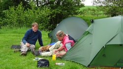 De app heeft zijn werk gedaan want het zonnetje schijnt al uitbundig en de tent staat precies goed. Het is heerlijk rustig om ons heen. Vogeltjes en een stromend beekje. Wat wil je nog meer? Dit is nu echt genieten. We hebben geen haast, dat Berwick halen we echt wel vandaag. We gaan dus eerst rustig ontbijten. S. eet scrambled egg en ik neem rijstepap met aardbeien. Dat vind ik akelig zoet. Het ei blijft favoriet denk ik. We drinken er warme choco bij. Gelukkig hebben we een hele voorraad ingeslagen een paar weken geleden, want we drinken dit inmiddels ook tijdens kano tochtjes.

● ● ●

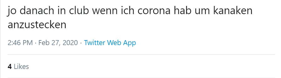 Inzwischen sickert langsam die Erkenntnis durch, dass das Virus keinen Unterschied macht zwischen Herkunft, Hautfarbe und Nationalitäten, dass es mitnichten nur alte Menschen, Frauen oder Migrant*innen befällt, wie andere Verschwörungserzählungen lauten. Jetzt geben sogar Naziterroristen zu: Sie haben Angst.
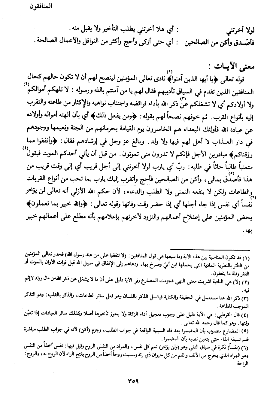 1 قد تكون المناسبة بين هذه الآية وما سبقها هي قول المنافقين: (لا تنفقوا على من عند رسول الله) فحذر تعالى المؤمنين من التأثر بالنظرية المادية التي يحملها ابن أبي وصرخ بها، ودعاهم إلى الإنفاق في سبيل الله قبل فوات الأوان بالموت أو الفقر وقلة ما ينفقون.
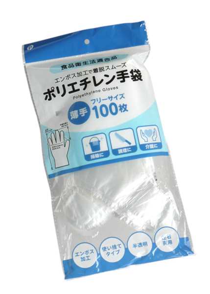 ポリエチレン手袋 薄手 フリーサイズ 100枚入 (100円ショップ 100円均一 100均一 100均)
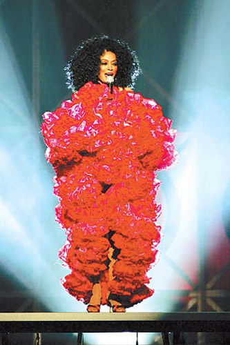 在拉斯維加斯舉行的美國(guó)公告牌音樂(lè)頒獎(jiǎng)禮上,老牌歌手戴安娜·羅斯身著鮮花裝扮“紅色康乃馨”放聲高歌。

● ● ●

• [Brief]
Range to copy from the listing above: the line with "ポリエチレン手袋 薄手 フリーサイズ" through the line with "在拉斯維加斯舉行的美國(gu". Transcribe it exactly and skip the pictures.

• [Result below]
 ポリエチレン手袋 薄手 フリーサイズ 100枚入 (100円ショップ 100円均一 100均一 100均)
 在拉斯維加斯舉行的美國(guó)公告牌音樂(lè)頒獎(jiǎng)禮上,老牌歌手戴安娜·羅斯身著鮮花裝扮“紅色康乃馨”放聲高歌。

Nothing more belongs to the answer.